- [WHAT IS NEEDED]:
Copy the data below exactly. Any pictures in it should be omitted.

*** Opening of PROVIDED MATERIAL ***

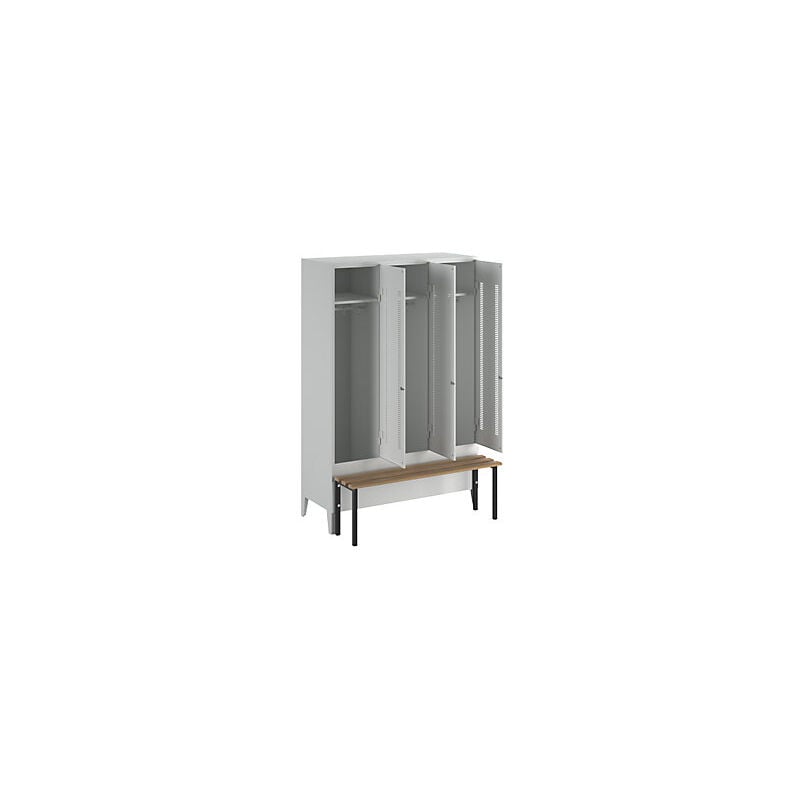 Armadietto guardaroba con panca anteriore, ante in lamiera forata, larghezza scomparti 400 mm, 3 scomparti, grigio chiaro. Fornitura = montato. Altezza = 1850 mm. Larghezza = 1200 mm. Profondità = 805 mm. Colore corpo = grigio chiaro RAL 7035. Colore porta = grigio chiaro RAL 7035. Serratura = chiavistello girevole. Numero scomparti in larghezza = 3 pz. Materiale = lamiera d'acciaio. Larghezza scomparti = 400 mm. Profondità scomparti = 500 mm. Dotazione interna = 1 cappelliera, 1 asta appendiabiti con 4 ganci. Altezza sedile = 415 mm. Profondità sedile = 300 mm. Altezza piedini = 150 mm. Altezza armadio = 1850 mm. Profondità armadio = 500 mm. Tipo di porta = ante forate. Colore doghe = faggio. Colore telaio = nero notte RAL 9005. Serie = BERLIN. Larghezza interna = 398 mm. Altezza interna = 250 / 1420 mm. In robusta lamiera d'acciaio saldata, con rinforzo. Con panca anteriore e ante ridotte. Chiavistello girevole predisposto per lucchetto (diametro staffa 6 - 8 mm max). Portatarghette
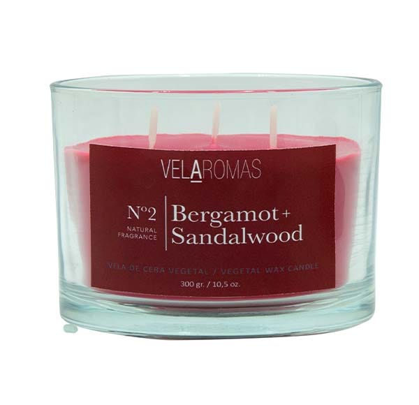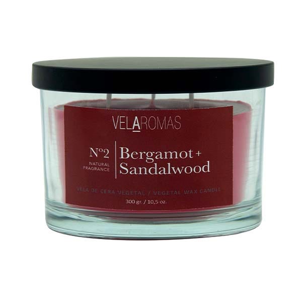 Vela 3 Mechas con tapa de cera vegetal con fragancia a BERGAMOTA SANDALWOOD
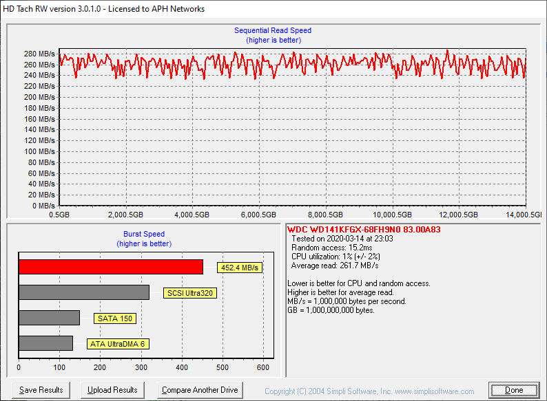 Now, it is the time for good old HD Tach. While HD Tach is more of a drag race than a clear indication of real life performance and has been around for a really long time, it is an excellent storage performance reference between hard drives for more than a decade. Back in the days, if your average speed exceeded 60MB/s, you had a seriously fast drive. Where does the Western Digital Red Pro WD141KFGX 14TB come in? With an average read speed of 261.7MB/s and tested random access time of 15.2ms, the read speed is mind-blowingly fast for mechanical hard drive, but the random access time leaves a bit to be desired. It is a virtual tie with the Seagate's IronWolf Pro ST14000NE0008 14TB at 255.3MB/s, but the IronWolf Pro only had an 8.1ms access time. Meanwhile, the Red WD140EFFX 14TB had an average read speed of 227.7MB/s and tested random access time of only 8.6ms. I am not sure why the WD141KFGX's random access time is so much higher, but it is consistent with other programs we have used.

*** Close of PROVIDED MATERIAL ***

- [ANSWER TO THIS EXERCISE]:
 Armadietto guardaroba con panca anteriore, ante in lamiera forata, larghezza scomparti 400 mm, 3 scomparti, grigio chiaro. Fornitura = montato. Altezza = 1850 mm. Larghezza = 1200 mm. Profondità = 805 mm. Colore corpo = grigio chiaro RAL 7035. Colore porta = grigio chiaro RAL 7035. Serratura = chiavistello girevole. Numero scomparti in larghezza = 3 pz. Materiale = lamiera d'acciaio. Larghezza scomparti = 400 mm. Profondità scomparti = 500 mm. Dotazione interna = 1 cappelliera, 1 asta appendiabiti con 4 ganci. Altezza sedile = 415 mm. Profondità sedile = 300 mm. Altezza piedini = 150 mm. Altezza armadio = 1850 mm. Profondità armadio = 500 mm. Tipo di porta = ante forate. Colore doghe = faggio. Colore telaio = nero notte RAL 9005. Serie = BERLIN. Larghezza interna = 398 mm. Altezza interna = 250 / 1420 mm. In robusta lamiera d'acciaio saldata, con rinforzo. Con panca anteriore e ante ridotte. Chiavistello girevole predisposto per lucchetto (diametro staffa 6 - 8 mm max). Portatarghette
 Vela 3 Mechas con tapa de cera vegetal con fragancia a BERGAMOTA SANDALWOOD
 Now, it is the time for good old HD Tach. While HD Tach is more of a drag race than a clear indication of real life performance and has been around for a really long time, it is an excellent storage performance reference between hard drives for more than a decade. Back in the days, if your average speed exceeded 60MB/s, you had a seriously fast drive. Where does the Western Digital Red Pro WD141KFGX 14TB come in? With an average read speed of 261.7MB/s and tested random access time of 15.2ms, the read speed is mind-blowingly fast for mechanical hard drive, but the random access time leaves a bit to be desired. It is a virtual tie with the Seagate's IronWolf Pro ST14000NE0008 14TB at 255.3MB/s, but the IronWolf Pro only had an 8.1ms access time. Meanwhile, the Red WD140EFFX 14TB had an average read speed of 227.7MB/s and tested random access time of only 8.6ms. I am not sure why the WD141KFGX's random access time is so much higher, but it is consistent with other programs we have used.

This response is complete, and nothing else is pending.